VSU Veterinary Medicine Instructor Melvin Bagot received high merits after finishing his Masters at the Universiteit Antwerpen (UA) in Belgium.

Bagot, who graduated on August 31, earned his Masters degree in Comparative Vertebrate Morphology with “Great Distinction” or magna cum laude.

He studied in two European universities— the University of Veterinary Medicine in Vienna, Austria, and UA—under the Erasmus Mundus program.

As a Masters student, Bagot explored the expression of five adhesion molecules on human breast cancer cells on 3D using confocal laser scanning microscopy. This study, under the guidance of Bagot’s advisers Dr. Cordula Gabriel and Prof. Dr. Monika Egerbacher, is a pioneering approach in the field of immunohistochemistry; adhesion molecules have been expressed only in 2D.

Performing a 3D microscopy on these adhesion molecules is necessary to mimic the natural environment of the cancer cells, said Bagot. These molecules are considered biomarkers which are used for cancer prognosis and treatment.

Now back at the VSU College of Veterinary Medicine (CVM), Bagot currently participates in studies concerning the Newcastle’s disease. He is eyeing on disease diagnosis-related research in animals in the future.

Student life in Europe

Travels across European countries are among Bagot’s most memorable experiences as a student. They brought him opportunities to observe and learn the culture in Europe, he said. A veterinary medicine instructor, Bagot said he was impressed by the strict observance of animal rights.

As part of the Erasmus Mundus program, Bagot had the opportunity to learn from professors from five universities in Austria, Belgium, Poland, Germany, and Italy. He said he learned much through team-teaching as this gave him multiple perspectives in one course.
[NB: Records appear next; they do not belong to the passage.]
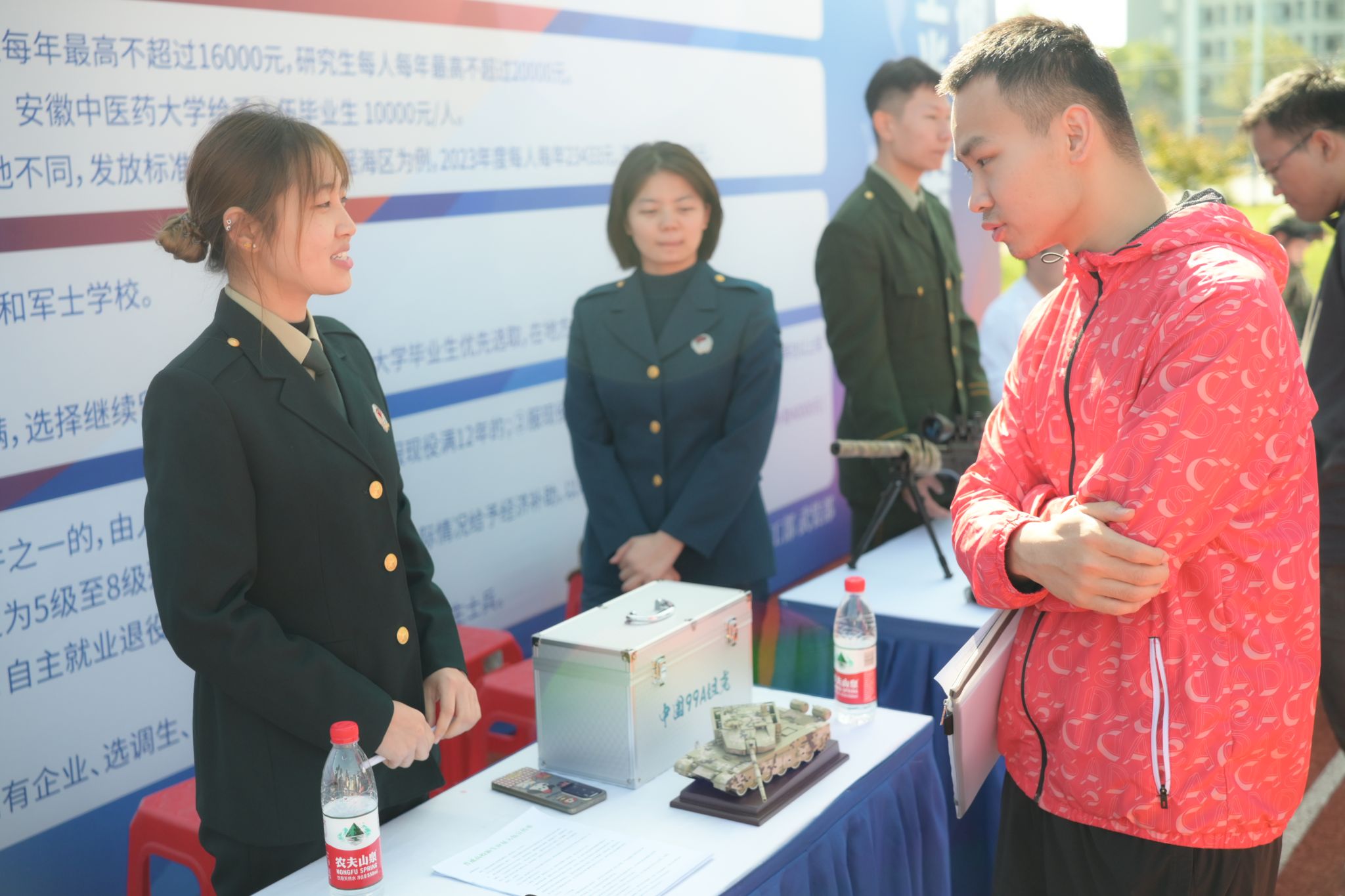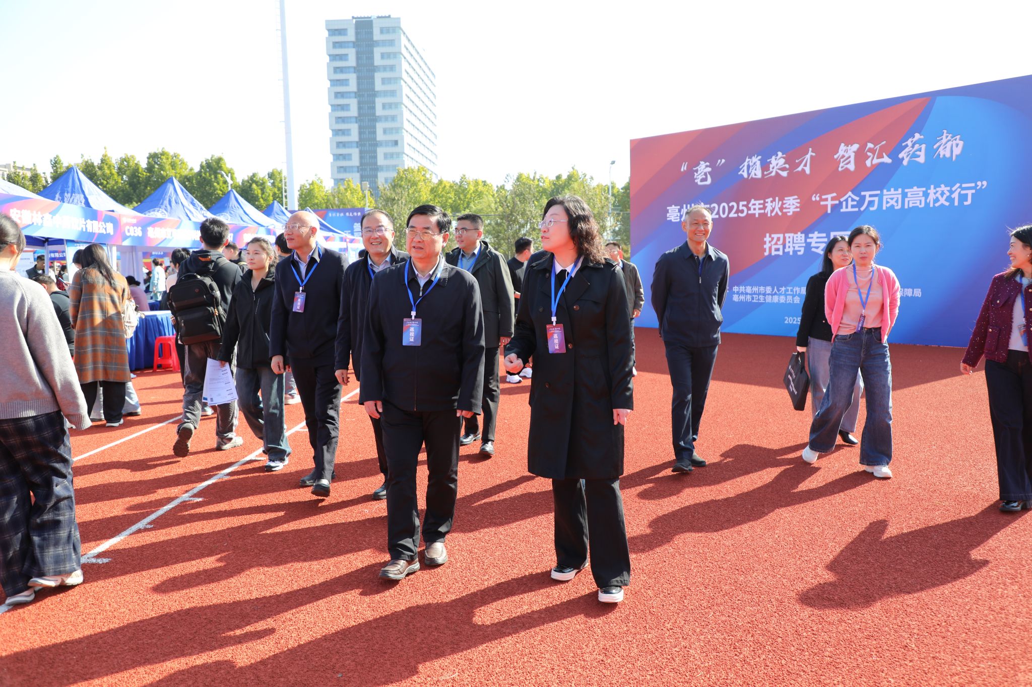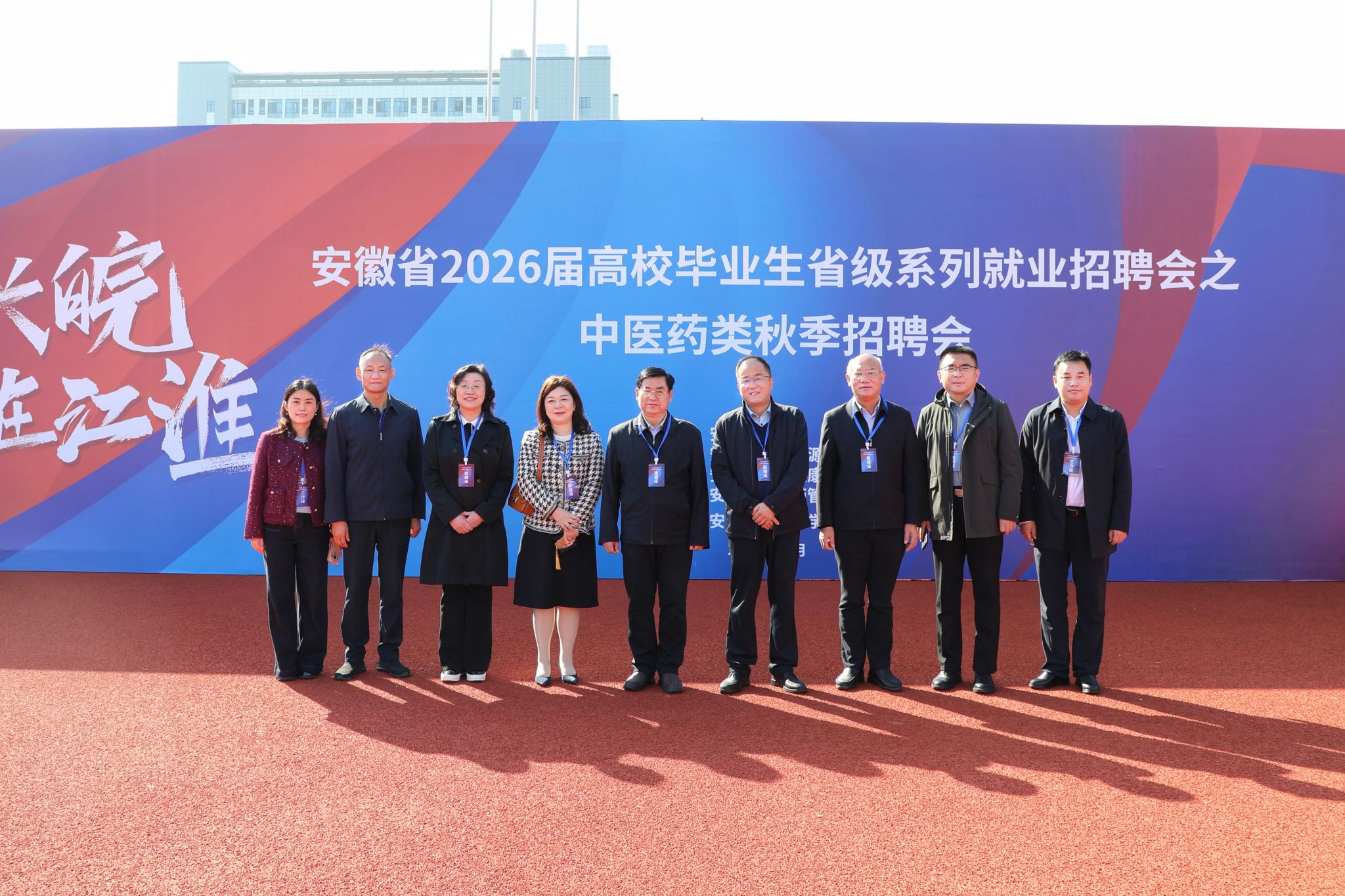 10月24日,由安徽省教育厅、安徽省人力资源和社会保障厅、安徽省卫生健康委员会及安徽省中医药管理局主办的——“人才兴皖 ‘就’在江淮”安徽省2026届高校毕业生省级系列就业招聘会之中医药类秋季招聘会在我校举办,校党委书记谢瑞瑾,党委副书记周新发,党委常委、纪委书记、监察专员詹灵杰,党委常委冯祥及省人社厅相关处室领导亲临现场指导工作,与用人单位和毕业生亲切交流。各学院党政领导班子及毕业班辅导员全程参与。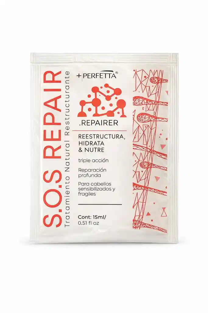 Tratamiento S.O.S Repair de la línea +Perfetta, un reestructurante intensivo diseñado para cabellos frágiles y sensibilizados. Pertenece a la categoría de cosmética profesional para la restauración profunda de la fibra capilar. 💧 Características técnicas: Triple acción: Reestructurante, nutriente e hidratante. Reparación focalizada: Actúa directamente en el folículo piloso y la fibra. Fórmula segura: Producto libre de parabenos. Presentaciones: Disponible en sachet de 30ml y pote de 350g. Beneficios: Recupera la vitalidad de tu melena con el Tratamiento S.O.S Repair, que devuelve la suavidad y textura natural al instante. Sentirás un cabello más fuerte, elástico y visiblemente rejuvenecido tras procesos químicos o daños externos. ✨ Modo de uso: Aplica sobre el cabello limpio y húmedo de medios a puntas. Deja actuar de 5 a 10 minutos para una absorción profunda y enjuaga con abundante agua. Encuentra este tratamiento capilar profesional en tu Tienda de Belleza Bella.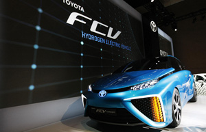 Toyota unveiled a hydrogen-powered "Car of the Future" that emits only water vapor, at the 2014 International Consumer Electronics Show.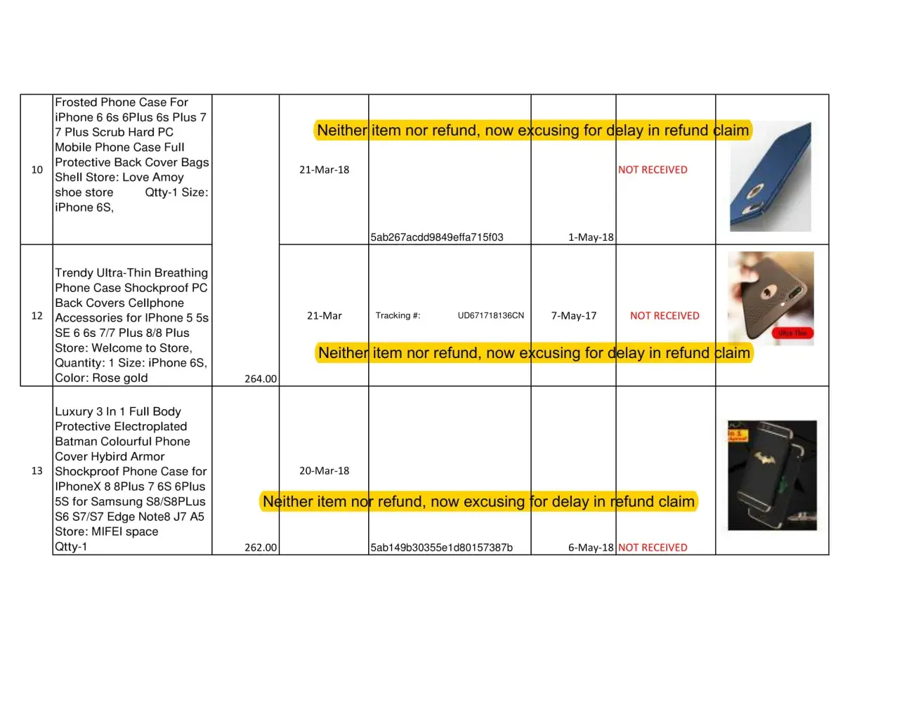 4. the attached list have updated information in highlighted text and Item endorsed at # 1, 2, 3, 10, 12 &13 are not received and even wish.com not refunding my amount too. The whole amount is figuring out as INR 1313.00 (US$~19.00)

Bagot said his veterinary medicine background helped him through the courses. The greatest challenge he had was dealing with the loss of her grandmother while he tackled school exams. His grandmother was his guardian and provider since he was a child.

Participating in religious activities and fellowships helped Bagot to cope with challenges. He said the religious community gave him the opportunity not only to interact with people of other cultures but also an outlet for his worries.

“They are my family in Europe,” said Bagot, adding that studying in Europe can be lonely at times.

Bagot encourages VSU faculty and staff members to pursue advanced degrees in Europe. He is looking forward to pursuing a doctorate degree in Europe or in other countries after two years.